The switch statement IS NOT a constant time branch. The compiler may find short-cuts (using hash buckets, etc), but more complicated cases will generate more complicated MSIL code with some cases branching out earlier than others.

To handle the String case, the compiler will end up (at some point) using a.Equals(b) (and possibly a.GetHashCode() ). I think it would be trival for the compiler to use any object that satisfies these constraints.

As for the need for static case expressions... some of those optimisations (hashing, caching, etc) would not be available if the case expressions weren't deterministic. But we've already seen that sometimes the compiler just picks the simplistic if-else-if-else road anyway...

Edit: lomaxx - Your understanding of the "typeof" operator is not correct. The "typeof" operator is used to obtain the System.Type object for a type (nothing to do with its supertypes or interfaces). Checking run-time compatibility of an object with a given type is the "is" operator's job.
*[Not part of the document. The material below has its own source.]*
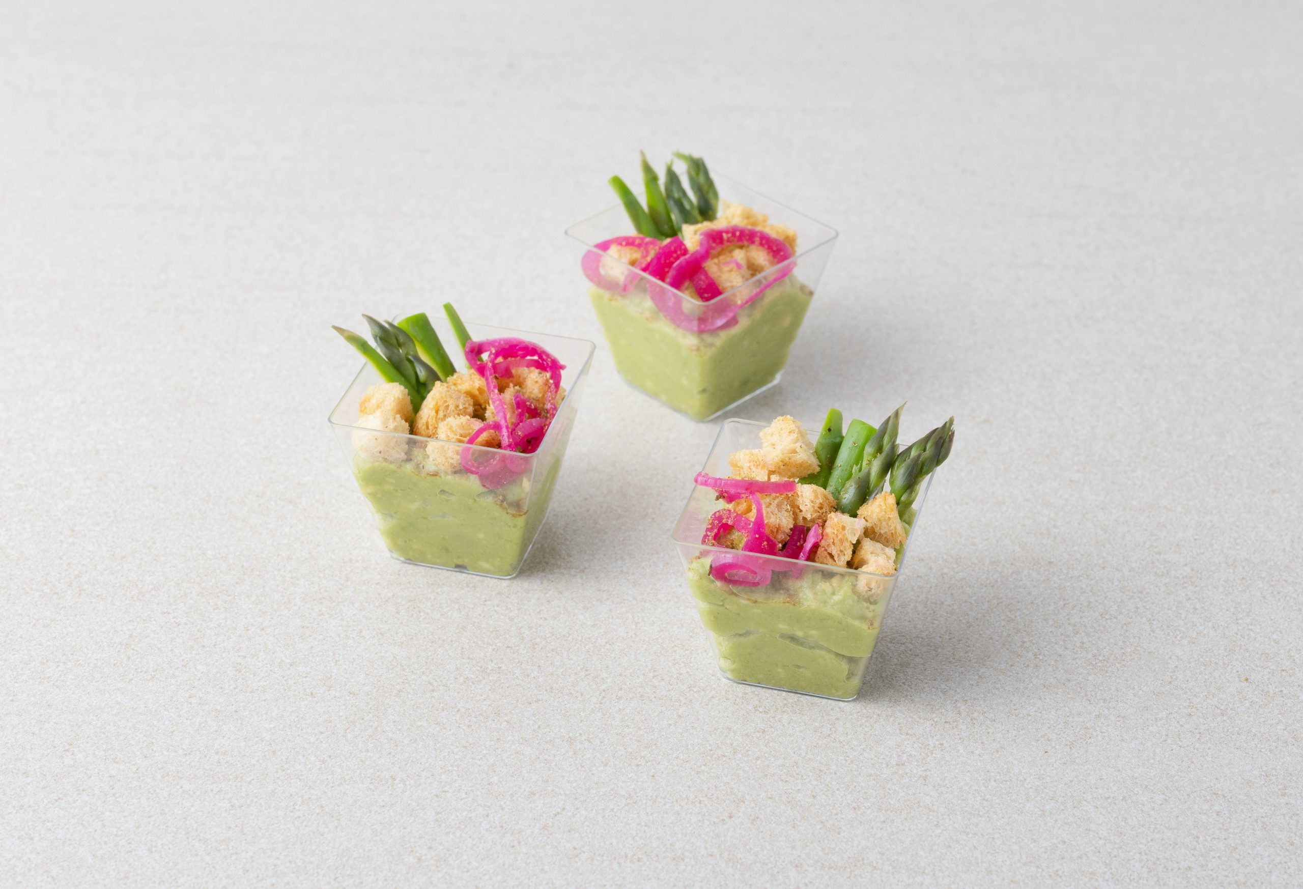 Toasted rye bread, dukkha-spiced smashed avocado, pickled red onion, charred asparagus & yuzu dressing.

The use of "typeof" here to express an object is irrelevant.


Microsoft finally heard you!

Now with C# 7 you can:

switch(shape)
{
case Circle c:
    WriteLine($"circle with radius {c.Radius}");
    break;
case Rectangle s when (s.Length == s.Height):
    WriteLine($"{s.Length} x {s.Height} square");
    break;
case Rectangle r:
    WriteLine($"{r.Length} x {r.Height} rectangle");
    break;
default:
    WriteLine("<unknown shape>");
    break;
case null:
    throw new ArgumentNullException(nameof(shape));
}